The three major operating system developers -- Apple, Google and Microsoft -- are chasing the same dream, in which all devices -- mobile phones, computers, TV sets and Internet of Things gadgets -- work on the same platform. Each has approached the challenge from a different angle.
Apple has distinct operating systems for PCs and mobile devices (and now, it appears, a third one for wearables). It is constantly adding functionality so that users can switch between them seamlessly. The latest iteration of the concept is Handoff, which allows a user to start a task on one device and continue on another.
Google's initial idea was Chrome OS, basically a browser that provides access to cloud applications. Chrome has succeeded in a limited way, but Android, a full operating system, did better. Android achieved dominance in the mobile world, so Google appears to be gradually folding Chrome OS into it. Major hardware producers, such as Lenovo and HP, are now experimenting with Android as a desktop system.
Microsoft missed out on the mobile boom and was forced onto a third path: trying to port a desktop operating system onto touchscreen devices. It attempted that with Windows 8, hiring design powerhouse Pentagram to create a touch interface. The result was beautiful, but it made Windows 8 torture to use on a traditional keyboard-and-mouse desktop.
Microsoft lost a battle but it hasn't yet lost the war, because the single-platform dream has eluded its rivals until now, too.

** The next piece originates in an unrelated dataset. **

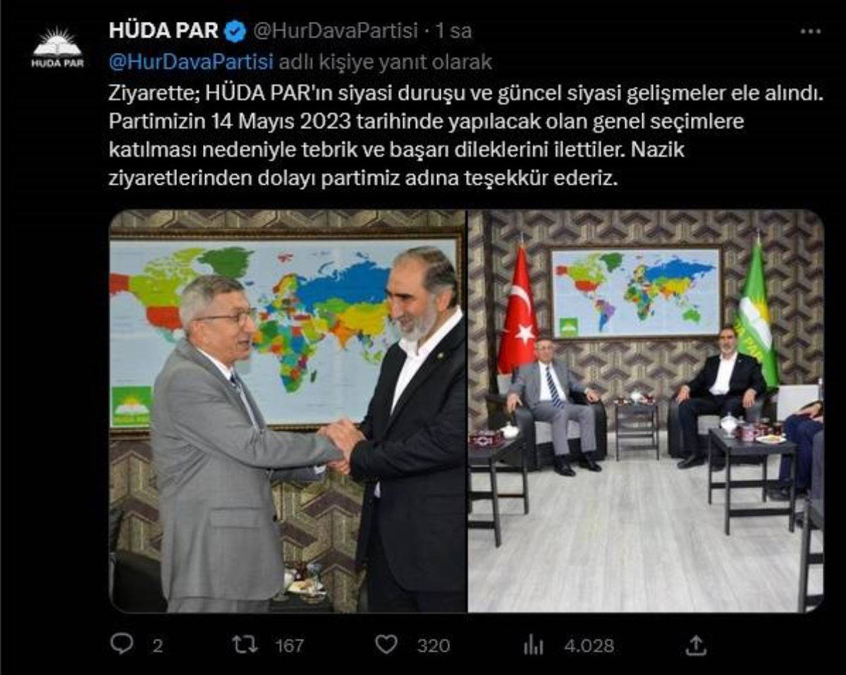 Hür Dava Partisi (HÜDA PAR) 14 Mayıs’ta yapılması planlanan genel seçimlerde Cumhur İttifakı’nın cumhurbaşkanı adayı Recep Tayyip Erdoğan’ı destekleyeceğini açıklamıştı.

They have only done well with certain components, not in assembling the whole picture. As a result, the personal computing world has become highly fragmented. I use Apple's Mac OS X on my home PC, because it's the best desktop operating system ever designed; Android on my mobile devices, because it's flexible and easy to use with Google's market-leading cloud services; and Windows 7 at work, because it's convenient for my employer.
Microsoft's first task is to consolidate its hold on the corporate market, the company's only remaining entry point into the single-platform contest. To succeed, Microsoft needs to pander to IT managers, so they don't switch to Chrome OS/Android or even Apple's offerings. The next Windows system has to be easy to manage across multiple devices and intuitive for inexperienced users, to minimize calls to tech support. And it has to provide an easy-to-work-with command shell -- that DOS-like environment of typed-in commands that ordinary users never call up anymore. Laugh all you want about advertising something so antiquated in 2014, system administrators will listen.
The Windows 10 presentation on Tuesday showed that Microsoft is awake to all these necessities, after ignoring them in Windows 8. Pushing the system out from the work environment into pockets, travel bags and homes will be the next step.
Under what circumstances would I allow my employer to dictate my personal choice of computing platform outside the office? There would have to be a flexible system that would work across all device sizes and purposes. By that, I mean running the exact same apps, not duplicates, and seamless switching from one device to another: The same tabs would have to open in browsers, the same documents in the productivity apps, and the same mailboxes and social network feeds, configured in the same way.
Windows 10 takes a step in that direction. It's too early to say what exactly the platform will deliver, but it should be able to switch interfaces, depending on how a device is operated -- for example with or without a keyboard. The feature, called Continuum is not functional yet, but should be working by the time the system ships.
I'm not saying I trust Microsoft to get the single platform concept right next year. It isn't yet clear which of the three contenders will win that race, and my bet is on Google -- it has advanced furthest toward a software solution that unifies different devices. Microsoft, however, is making the best of the bad hand it was dealt by the company's previous management.